Andampun kemudian meminta ijin untuk memakai meja Ais dan Kinan untuk mempresentasikan hasil karyanya. Setelah buku dan alat tulis dimasukkan di laci, ia segera menyalakan robot kecil itu. Begitu diletakkan di meja, rupanya robot serangga itu berjalan. Spontan anak-anak bereaksi kaget.

“Wow, robotnya bisa jalan,” ujar Ais.

“Bagus sekali, Ndam,” tukas Kinan.

Anak-anak yang lain pun berkomentar. Kesemuanya takjub dengan hasil karya Andam. Termasuk Vandri. Melihat robot kecil itu bisa berjalan di atas meja, ia juga kagum.

Andam pun makin bersemangat saat diminta Pak Sena untuk menceritakan ide dan cara ia membuat robot antik itu. Teman-temannya sangat antusias mendengarkan. Bahkan Vandri ingin sekali bisa memiliki robot buatan Andam itu.

Untuk pertama kali Andam mendapat perhatian dari teman-teman kelasnya. Ia baru merasa betapa menyenangkannya saat apa yang ia lakukan mendapat apresiasi yang bagus dari orang lain.

Aku tidak bodoh. Ternyata aku tidak bodoh. Begitu kalimat yang ia gumankan dalam hati. Ia semakin yakin dengan kebenaran perkataan Pak Bagong, bahwa tidak ada anak yang bodoh. Yang ada anak itu belum menemukan potensi dirinya.

Sore itu, sepulang dari membeli gula pasir dan mie instan di warung Mbak Harsih, Andam mendapati Pak Sena berdiri di samping sepeda motor. Rupanya sepeda motor Pak Sena mendadak macet.

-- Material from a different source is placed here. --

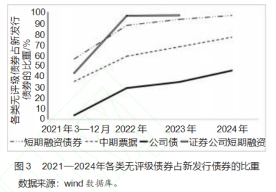同时,自2021年3月以来新发行债券中,短期融资债券、中期票据、公司债和证券公司短期融资债无评级发行期数(见图2)和占比逐年攀升。新发行短期融资中无评级债券占比从2021年的56.20%上升至2024年的96.66%;新发行证券公司短期融资则从2021年的43.10%上升至2023年的96.84%(见图3)。从发行规模看,2024年市场中无评级债券共发行8777期,占总发行期数的比例为57.18%。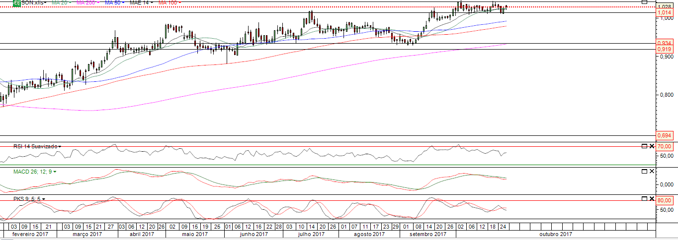 Bom comportamento hoje na Sonae. Os 1.016/1.017 têm servido de suporte nesta lateralização que já dura há 12 sessões. Vamos ver se rompe em alta e faz novos máximos relativos.

“Sepeda motornya kenapa, Pak?” tanya Andam sambil turun dari sepeda.

“Ini Ndam, tiba-tiba mesinnya mati. Sudah Bapak cek businya dan Bapak bersihkan, tapi tetap mati.”

“Bensinnya masih?”

“Masih, Ndam. Tadi saja baru beli satu liter.”

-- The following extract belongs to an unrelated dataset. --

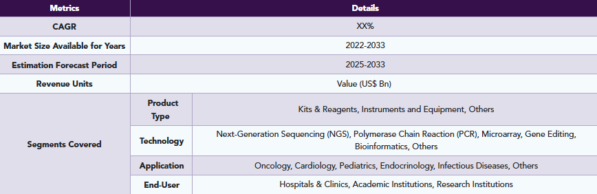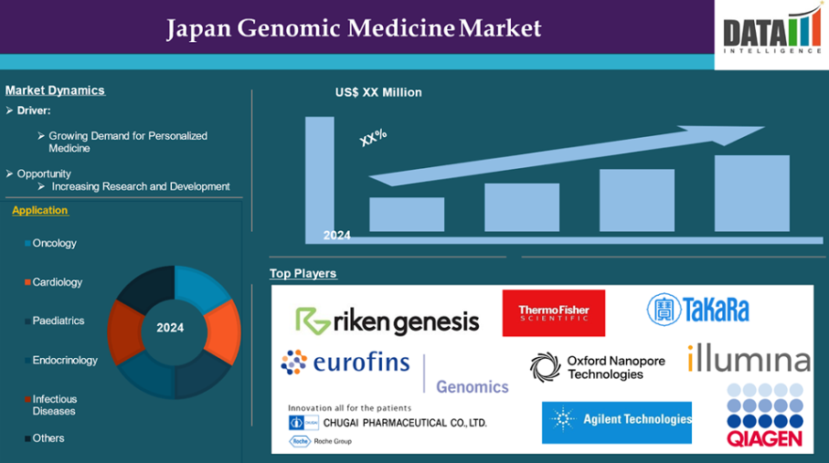 DataMのインテリジェンスレポートによると、日本のゲノム医療市場は2024年にXX百万米ドルに達し、2033年までにXX百万米ドルに達すると予想されています。2025年から2033年の予測期間において、年平均成長率(CAGR)XX%で成長すると見込まれています。

“Boleh saya coba, Pak?” pinta Andam.

“Oh, silakan,” jawab Pak Sena.

Andam segera menstater mesinnya. Tidak bisa. Ia beberapa kali menggenjot, mesin itu pun tetap tidak nyala.

“Menurut saya ada dua kemungkinan, Pak. Businya soak atau main jet-nya kotor.”

“Main jet?” tanya Pak Sena, penasaran.

“Main jet itu saluran kecil yang berfungsi mengeluarkan bensin dari ruang pelampung. Jika kotor, maka bensin tidak akan lancar.”

“Kok kamu paham betul urusan mesin?” tanya Pak Sena keheranan.

“Saya sering main ke bengkel, Pak. Sering bantu-bantu juga. Jadi sedikit banyak tahu soal mesin.,” jawab Andam sambil memeriksa busi dan kabelnya.

“Wah, hebat kamu Ndam.”

“Pantesan, Pak. Rupanya kabel businya putus nih,” ujar Andam sambil menunjukkan kabel busi ternyata memang putus. “Tidak ada percikan listrik ke mesin. Jadi mesin tiba-tiba mati. Ini harus dibawa ke bengkel.”

“Kamu hebat, Ndam. Bapak baru menyadari potensi kamu. Besok kamu ikut kelas robotik ya.”

“Maaf, Pak. Saya tidak bisa bayar ikut kelas.”

“Nanti Bapak yang bayari. Kamu ikut saja. Sebentar lagi akan ada kontes robot. Bapak yakin kamu akan bisa mengikutinya.”

Tetiba tubuh Andam panas dingin mendapati Pak Sena sangat memujinya. Bahkan mau memberinya kesempatan untuk bisa ikut kontes robot. Sesuatu yang memang menjadi impiannya.

Aku tidak bodoh. Aku tidak bodoh. Begitu kalimat yang ia gumankan untuk menyemangat diri.